El arquero argentino Esteban Andrada generó un impacto dentro del fútbol internacional al tener un ataque de furia este domingo en Zaragoza. Luego de haber sido expulsado en el clásico ante Huesca, por la segunda división de España, golpeó salvajemente en el rostro a Jorge Pulido y generó el repudio del mundo entero.
A través de las redes sociales del club, el argentino se mostró arrepentido por su accionar dentro del campo de juego. “Estoy muy arrepentido de lo sucedido. No es una buena imagen para el club, para la gente y menos para un profesional como lo soy”, señaló.
A lo que sumó: “A lo largo de mi carrera he tenido una sola expulsión, la he tocado afuera del área con la mano. Se puede ver en mi trayectoria que fue una situación límite, me salí de contexto y reaccioné de esa forma”.
“Estoy muy arrepentido y no lo volveré a hacer porque sé que soy una persona pública, un profesional con muchos años de carrera. También quiero pedirle disculpas a Jorge Pulido porque somos colegas y sinceramente fue un acto mío que me desconecté en ese momento”, argumentó.

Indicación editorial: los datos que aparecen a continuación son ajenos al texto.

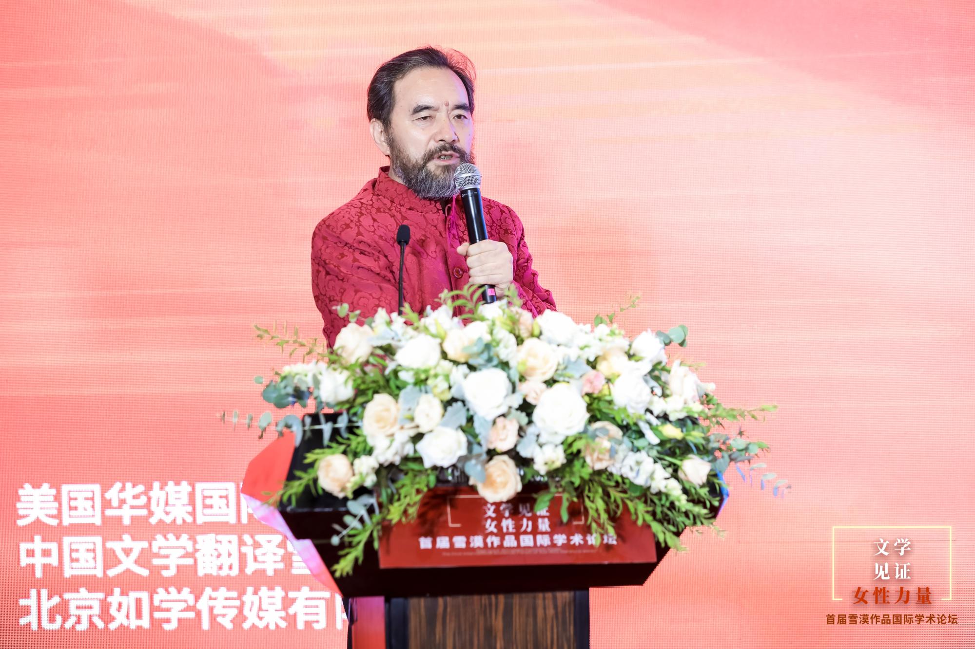 国家一级作家雪漠发表题为“母性力量的救赎”的主题发言,从历史视角批判集体无意识,即暴力价值观的渗透,讲述了其史诗巨作《娑萨朗》的价值观,倡导重建母性的和平价值观,以和平与爱取代王侯将相的英雄史诗宏大叙事。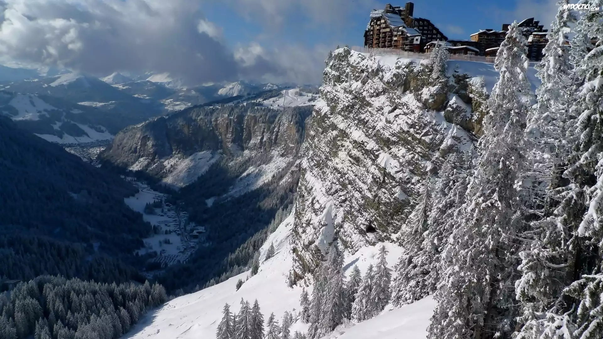 Zdjęcia, Góry, Domy, Na, Skale, Dolina, Lasy, Wioska, Zima
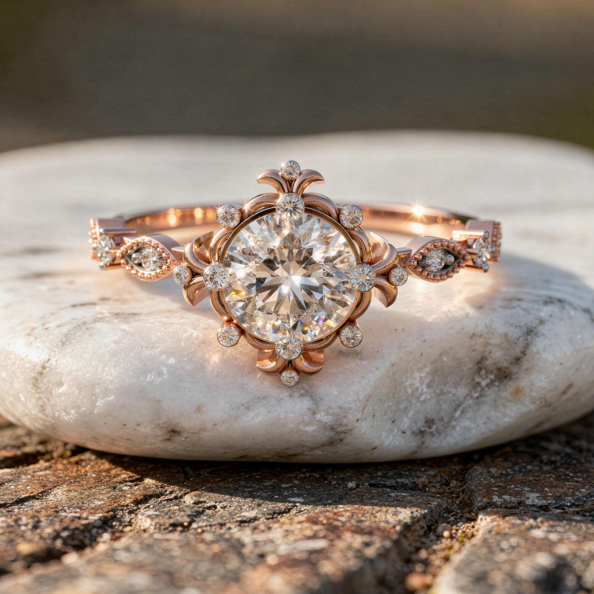The center stone is elevated for brilliance, while marquise-shaped accent diamonds add refined vintage character, creating a timeless yet artistic statement ring.

Las sanciones que podría recibir Andrada
Por su parte, Zaragoza informó, a través de un comunicado oficial, que “analizarán los hechos acaecidos y tomarán las medidas disciplinarias pertinentes”.
Más allá de su descargo, en el que se mostró sumamente arrepentido, pidió disculpas y negó haber tenido antecedentes violentos, al ex Boca podría caerle todo el peso de La Liga. A la espera de la resolución oficial, la prensa española ya baraja entre cuatro y doce fechas de suspensión, más una adicional por la doble amarilla que recibió en la primera agresión.

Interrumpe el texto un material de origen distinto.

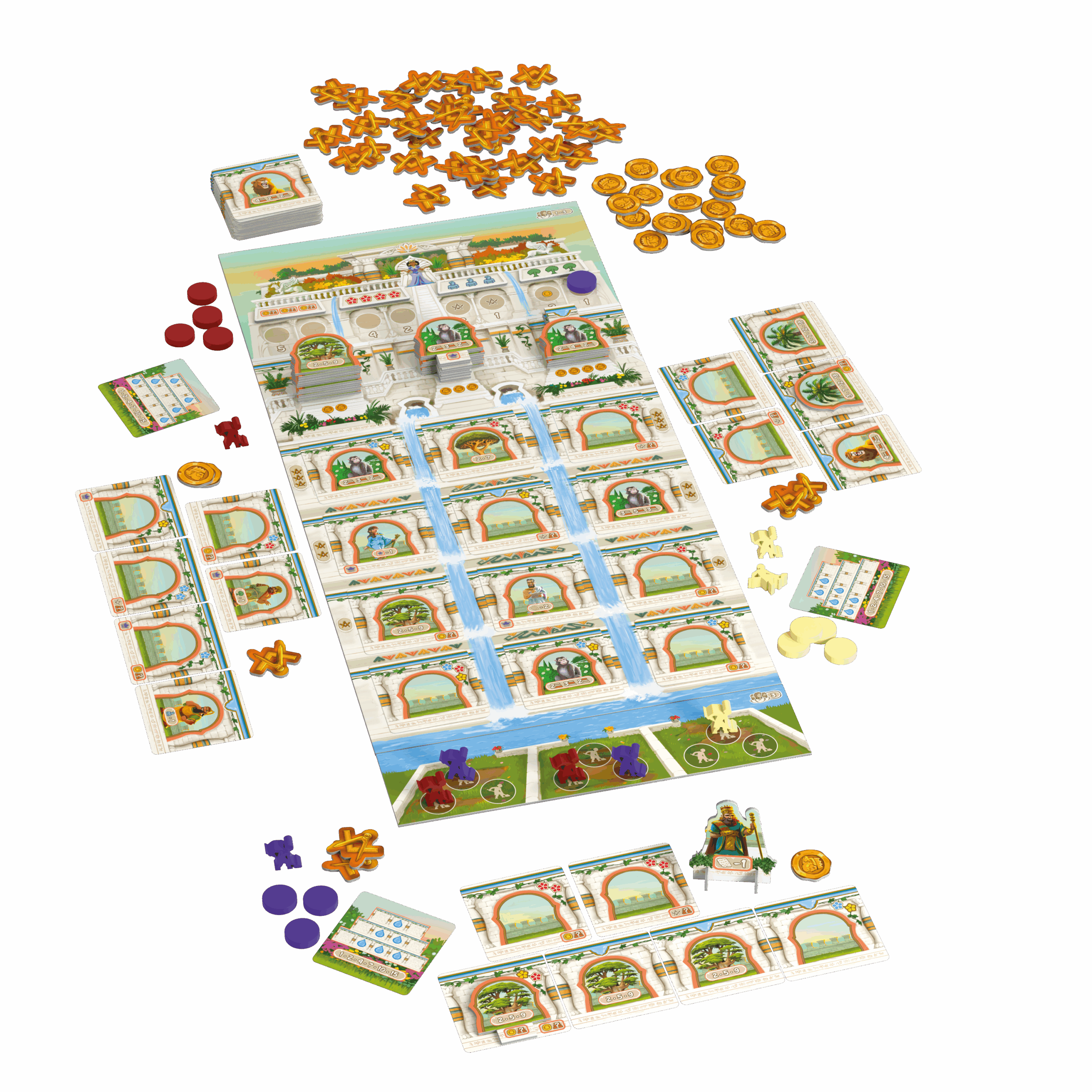 In The Hanging Gardens, players compete to build the most beautiful garden for King Nebuchadnezzar II over four rounds. Each turn, they select and place Garden cards to construct a multi-level garden, fulfill objectives, and optimize features like flowers, trees, animals, and irrigation. Points are scored based on card placement, completed objectives, and feature arrangements. The player with the most points at the end wins, emphasizing strategic planning and resource management.

Sin embargo, para Eduardo Iturralde González, analista arbitral de AS y Carrusel Deportivo, sería un castigo insuficiente para una trompada que dejó sentido a un futbolista, dio la vuelta al mundo y generó una reprobación masiva. “En este tipo de acciones, el Comité de Disciplina tiene que ir a lo máximo por el bien de la competición”, señaló el excolegiado.